Bir kalp meselesidir bu…
İki kriz var ölümle sonuçlanan
Biri kalpte, diğeri medeniyette yaşanıyor
Kalp krizi
Medeniyet krizi
İkisi de insanın yenilmişliğinin sonucudur
İkisi de kalbine yenilmişliğin, kendini unutmanın, gerçeğe duyarsız kalmanın sonucu…
İrfandan, itidalden, marifetten, gayeden, düşünceden, basiretten, sorumluluktan, fıtrattan, şahsiyetlilikten, hürriyetten kaçarken yenilmişliğin sonucu…
Bugün insanın eli her şeye değiyor, bedeni her yere ulaşıyor da nedense bir türlü mutlu olamıyor, krizlerden kurtulamıyor
Muzdarip bir gönlümüz, ruhunu inşa edemeyen bir kalbimiz var
Bir kalp sorunumuz var
Kalbi atmayan bir medeniyetimiz var
Medeniyetin içinde her şey var ve insanda “yenilmiş” olduğundan sadece basit bir eşyadan ibaretmiş gibi duruyor orada
Hayatın ne gerisine düşüyoruz ne de ilerisine geçebiliyoruz
Sadece bedenimizin temas ettiği anı yaşamaya takılıp kalmışlığın alametidir bu Orada çaresizlikten, hatıralarımızla gayelerimizin ikisine birden esir olmuşuzKaçamıyoruz hiçbir bir yere
Pek idrak edemesek de kalplerimiz hem mahiyet hem de istikamet sorunu yaşıyor
Kalp yani, içimizdeki süvari varlık esrarını ararken eşyaya ve mekana sabitlemiş kendini Katılaşmış, donmuş kalmış orada
Mana ve mahiyeti değişmiş…
Medeniyetin kalbini dinleyemiyor insan
Kalbimizden uzak düşüp, yolumuza bir kalp sürgününü reva gördüğümüz için, esir düştük tanıdığımız zamana, mekana, eşyaya ve insanlara…
Yapıp ettiklerimize, yani kendi eserimize esir düştüğümüz andan itibaren de kalbimiz teklemeye başladı…

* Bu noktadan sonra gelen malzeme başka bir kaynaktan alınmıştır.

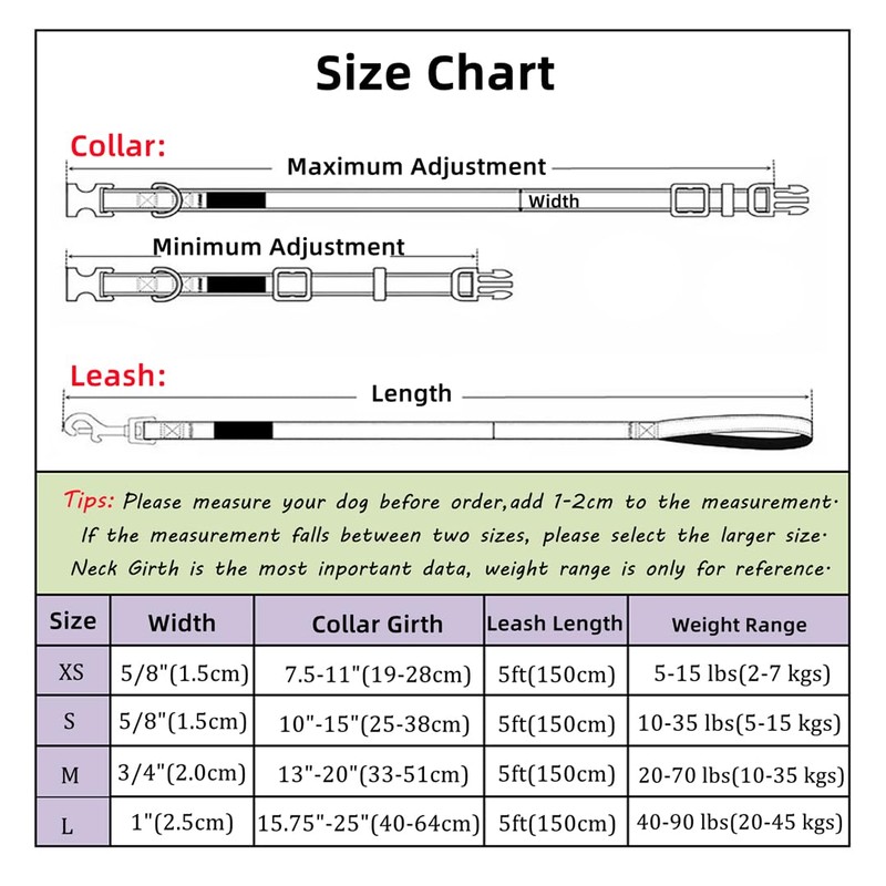 Large Size: Collar:Width 1"* Adjustable Girth 15.5"-25",Leash:Width 1"*Length 5ft.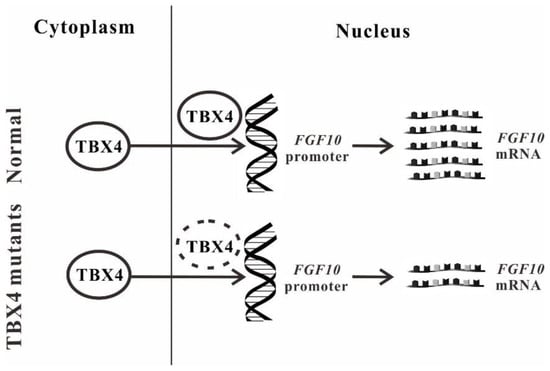 TBX4 is an important transcription factor. In this paper, qRT-PCR confirmed that all three TBX4 mutations affected the expression of FGF10. Dual luciferase reporter assay is widely used for the investigations on gene transcription regulation and promoter transcription activity []. The cDNA of Renilla luciferase (Rluc) involved in the pGL3-TK vector is used as an internal reference to eliminate the differences in cell number or transfection efficiency []. The results demonstrated that TBX4 mutations reduced the expression of FGF10. Considering that FGF10 may be not the unique target gene of TBX4, ChIP-seq will be a powerful tool for exploring more target genes of TBX4 []. Taken together, our study indicates that TBX4 mutations do not alter the translocation of TBX4 into the nucleus and the binding ability with FGF10, but exhibit less efficiencies to initiate the transcription of FGF10 resulting in the abnormal biological processes (Figure 5).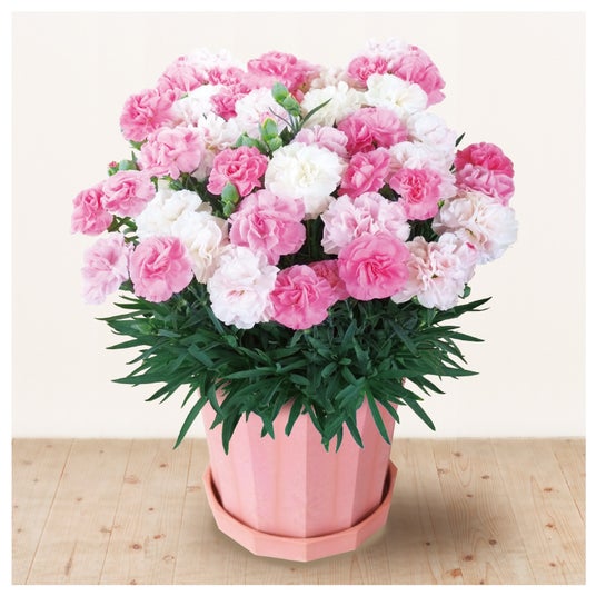 「母の日ギフト」カタログでは、色の変化が楽しめるカーネーションの鉢植えや可愛らしい花束など、計61商品を掲載しています。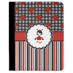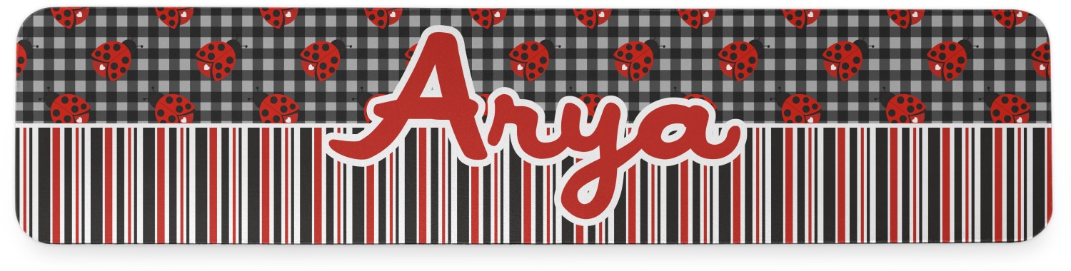 A wide band of red with an inset of black trim pulls the design together. A cute little girl dressed as a ladybug sits in the middle of a white scalloped circle label that is trimmed in double rows of black. Under the ladybug girl is ample room for custom personalization.

Dünya ve içindeki her şeye sahip olmak isteyince kalp; kirlenmiş, damarları tıkanmış, ritmi bozulmuş, ufkunu yitirmiş, ayarını kaçırmıştır artık…
An meselesidir ölümle yüzleşmek…
İnsan ile medeniyet ne kadar da iç içe şeyler
Önce insan var oldu sonra medeniyet İnsan medeniyeti üretti, dünyayı mamur etti, sonra ürettiği medeniyet insanları şekillendirmeye başladı
Bu medeniyet kimi zaman insanlığın esir çağı, kimi zaman da insanlığın diriliş ufku oldu
Burada da ölçü hep kalptir
İnsanlar kalplerini unuttuklarında, kalp krize girdiğinde medeniyet de insani olmaktan çıktı, krize düştü
Tarih ölmüş medeniyet kalıntılarıyla doludur
Ne kadar zaman oldu, ne kendimize ne de ürettiğimiz medeniyete hakiki, sarsıcı, bizi gerçekle yüzleştirici bir soru sormayalı
Muhasebesiz, kalpsiz bir yola sapalı, yani yenileli
Bizim helakimiz düşünmemekten, sormamaktan, kendimizi kalbimizden hesaba çekmemekten mi olacak yoksa!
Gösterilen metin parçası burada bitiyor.